- **Problem statement**
Return every record below exactly as written, but leave out the pictures.
[Given data — start]
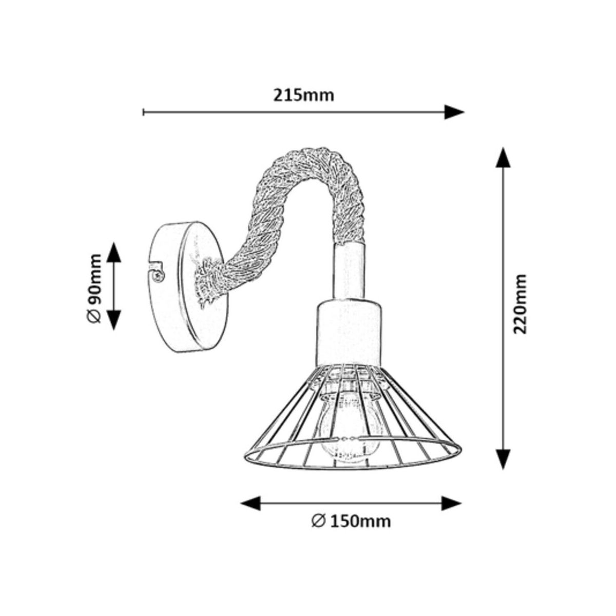 Die Wandleuchte Rabalux Daryl verbindet ein schlichtes Design mit einem originellen, mit Schnur umwickelten Arm. Dieses Detail macht die Leuchte zu einem charakteristischen Accessoire für Innenräume im Loft-, Industrie- oder Rustikalstil. Der schwarze Lampenschirm mit geometrischem Rahmen unterstreicht den modernen Charakter der Wandleuchte. Mit einer Höhe von 22 cm und einer Breite von 21,5 cm eignet sich die Wandleuchte für die Montage neben einem Spiegel oder im Flur, wo es auf Platzersparnis ankommt.
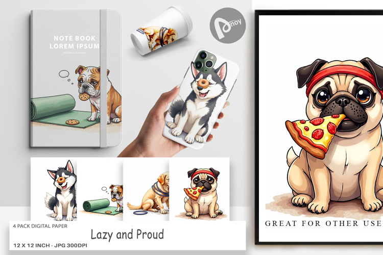 Printable Scrapbook Paper Digital Paper Bundle Junk Journal Page Sublimation Paper Background Diy Craft Paper Craft Paper Download Anti Fitness Dog Art Lazy Dog Background Funny Dog Theme Dog Lover Background
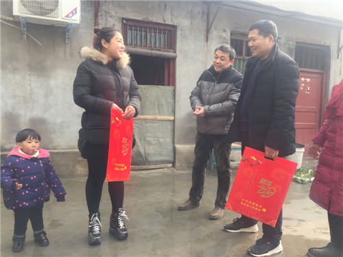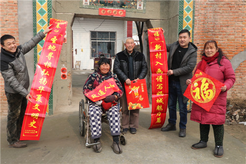 1月16日,西華縣艾崗鄉鐵爐村村民馬永清接過該縣縣委宣傳部駐村扶貧干部送來的春聯喜上眉梢。據了解,今年春節前夕,該縣財政投入200余萬元購置80萬副春聯在全縣鄉村范圍內廣泛開展贈春聯、送祝福活動。
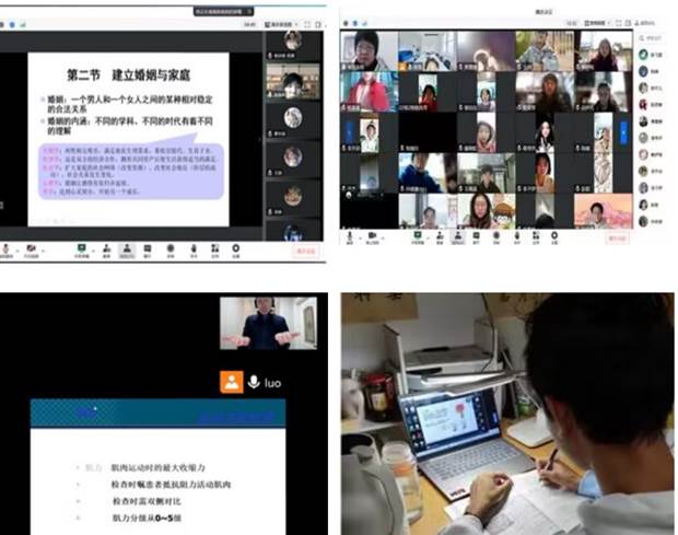 图1为陈晓莉教授讲授《人类发展学》,图2为张青老师进行《护理生涯规划》期未汇报,图3为罗先武老师在《健康评估》课上做示范,图4为2021级学生在寝室进行线上听课。
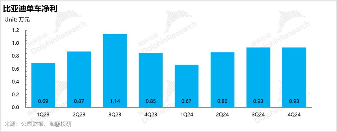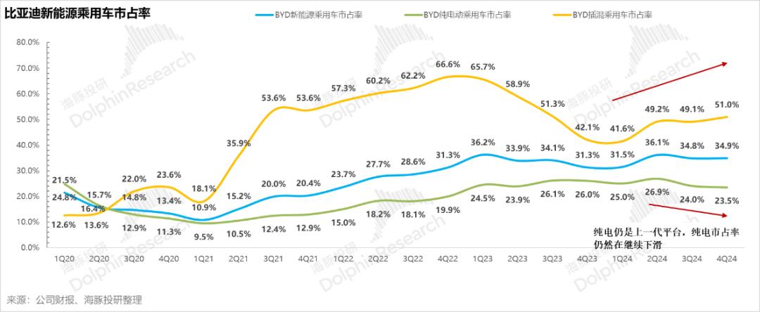 但在纯电方面,由于2024年第四季度比亚迪纯电车型仍使用上一代电动平台,纯电车型竞争力下降,第四季度纯电市场份额呈下降趋势。
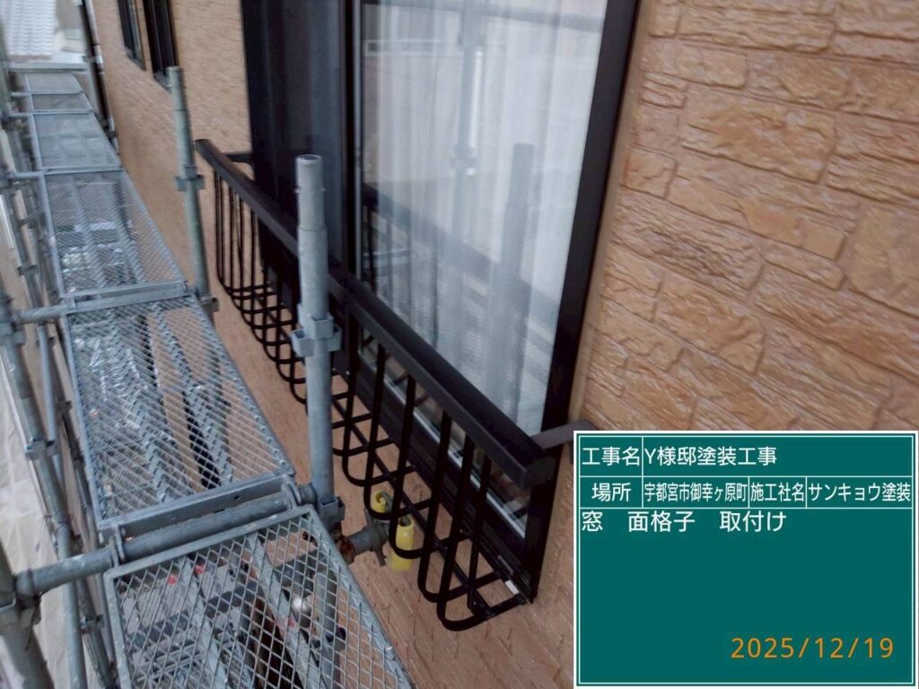 いつもありがとうございます。今日は宇都宮市御幸ヶ原町Y様邸の2階窓手摺りの取付に午後から伺いました。外壁関係は物干しの取付を行い27日の足場解体を待つだけとなりました。
[Given data — finish]
- **Answer box**
 Die Wandleuchte Rabalux Daryl verbindet ein schlichtes Design mit einem originellen, mit Schnur umwickelten Arm. Dieses Detail macht die Leuchte zu einem charakteristischen Accessoire für Innenräume im Loft-, Industrie- oder Rustikalstil. Der schwarze Lampenschirm mit geometrischem Rahmen unterstreicht den modernen Charakter der Wandleuchte. Mit einer Höhe von 22 cm und einer Breite von 21,5 cm eignet sich die Wandleuchte für die Montage neben einem Spiegel oder im Flur, wo es auf Platzersparnis ankommt.
 Printable Scrapbook Paper Digital Paper Bundle Junk Journal Page Sublimation Paper Background Diy Craft Paper Craft Paper Download Anti Fitness Dog Art Lazy Dog Background Funny Dog Theme Dog Lover Background
 1月16日,西華縣艾崗鄉鐵爐村村民馬永清接過該縣縣委宣傳部駐村扶貧干部送來的春聯喜上眉梢。據了解,今年春節前夕,該縣財政投入200余萬元購置80萬副春聯在全縣鄉村范圍內廣泛開展贈春聯、送祝福活動。
 图1为陈晓莉教授讲授《人类发展学》,图2为张青老师进行《护理生涯规划》期未汇报,图3为罗先武老师在《健康评估》课上做示范,图4为2021级学生在寝室进行线上听课。
 但在纯电方面,由于2024年第四季度比亚迪纯电车型仍使用上一代电动平台,纯电车型竞争力下降,第四季度纯电市场份额呈下降趋势。
 いつもありがとうございます。今日は宇都宮市御幸ヶ原町Y様邸の2階窓手摺りの取付に午後から伺いました。外壁関係は物干しの取付を行い27日の足場解体を待つだけとなりました。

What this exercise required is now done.